* [Supplied data]:
|---|
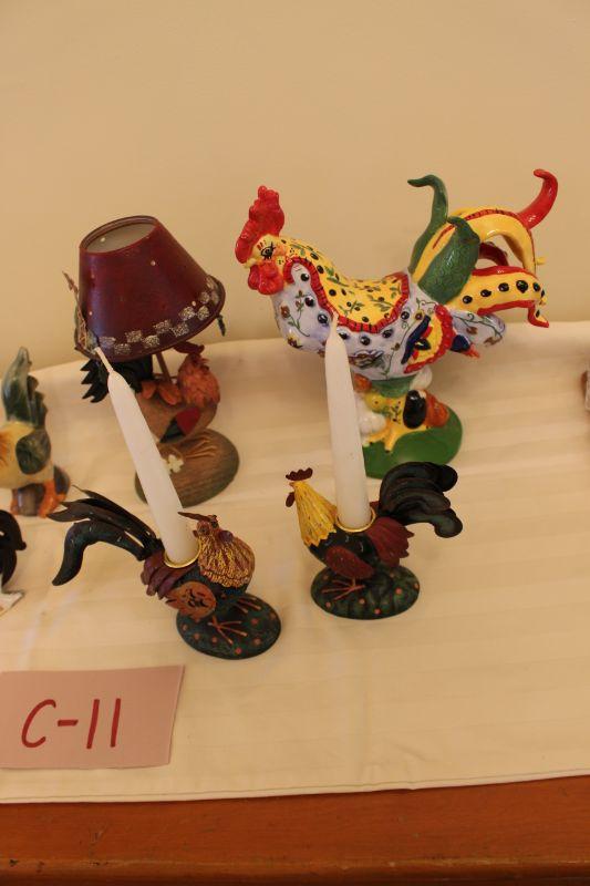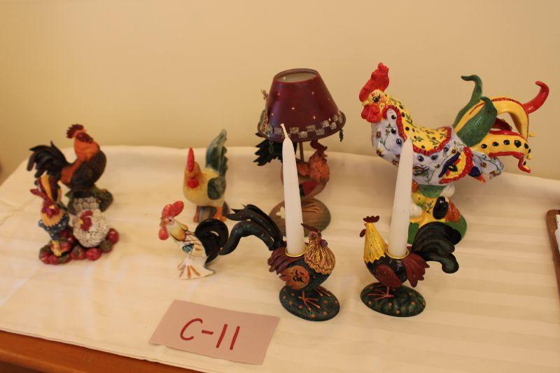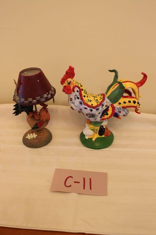C-11-Lot 8 Farmhouse Rooster and Chickens- Ceramics  and Resin 10"-5" Tall
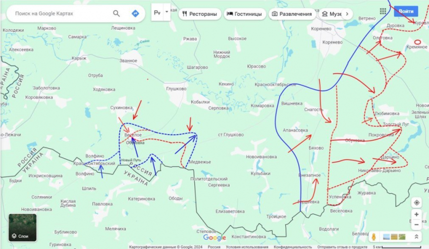 Судя по конфигурации своих резервов, именно Суджу противник намерен держать до конца. А вот остальными своими «завоеваниями» здесь, в случае новых наших ударов он вполне готов пожертвовать.
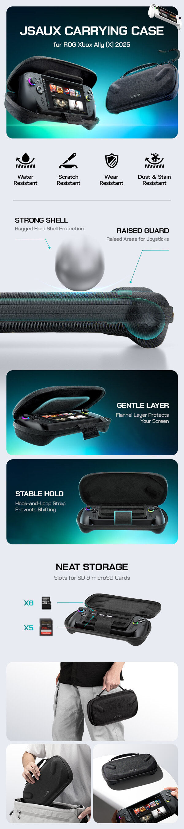 - 【Tailored Protection for ROG Xbox Ally (X)]】This carrying case is custom-built for ROG Xbox Ally/Ally X, giving your console a perfect fit. It shields your handheld from daily bumps, scratches, and dust while keeping it lightweight and portable.
|---|
* [Task details]: Reproduce the material above exactly but drop all images.

* [Answer section]:
C-11-Lot 8 Farmhouse Rooster and Chickens- Ceramics  and Resin 10"-5" Tall
 Судя по конфигурации своих резервов, именно Суджу противник намерен держать до конца. А вот остальными своими «завоеваниями» здесь, в случае новых наших ударов он вполне готов пожертвовать.
 - 【Tailored Protection for ROG Xbox Ally (X)]】This carrying case is custom-built for ROG Xbox Ally/Ally X, giving your console a perfect fit. It shields your handheld from daily bumps, scratches, and dust while keeping it lightweight and portable.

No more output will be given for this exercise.